Agent SG egress    ──►  RDS SG       port 5432    (database)
Agent SG egress    ──►  0.0.0.0/0    TCP  443     (CPLN control plane)
Agent SG egress    ──►  VPC .2 DNS   UDP/TCP 53   (FQDN resolution)
RDS SG  ingress    ◄──  Agent SG     port 5432

Reference the agent SG by ID, not by CIDR. That way, the rule stays correct as ASG instances are recycled.

Simpler alternative: share the RDS SG. Instead of managing a separate egress/ingress rule pair, you can attach the RDS SG itself to the agent instances. Each agent then carries two security groups — its own (egress to CPLN on 443 and the VPC DNS resolver on 53) plus the RDS SG. If the RDS SG already has a self-referencing rule that allows ingress from itself on 5432, this removes the need to maintain a dedicated Agent-SG → RDS-SG rule.

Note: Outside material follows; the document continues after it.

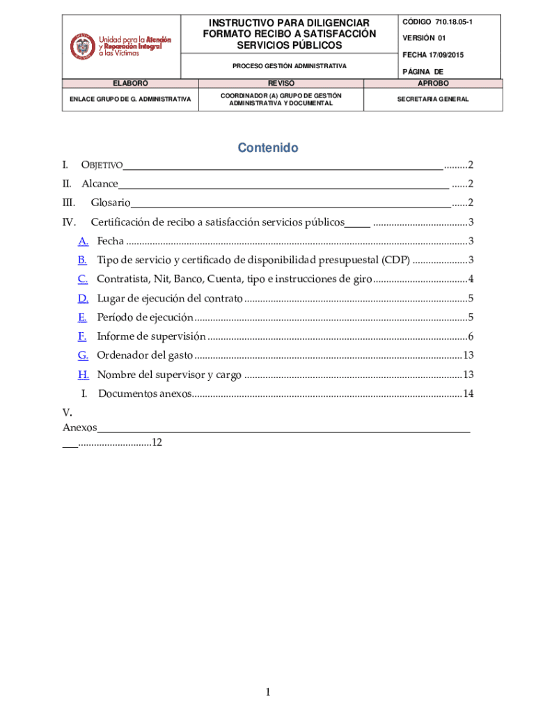 Este documento proporciona los lineamientos necesarios para el diligenciamiento de la certificación de recibo a satisfacción de servicios públicos, incluyendo detalles sobre los diferentes campos

Step 4 — Declare the Network Resource on the Identity

cpflow provisions a single identity per app, named <app>-identity, that is shared by every workload in the app (see Config#identity and the same {{APP_IDENTITY_LINK}} referenced by templates/rails.yml, templates/sidekiq.yml, and templates/daily-task.yml). We need to add a networkResources entry to that existing identity, not create a new one — and not a separate identity per workload.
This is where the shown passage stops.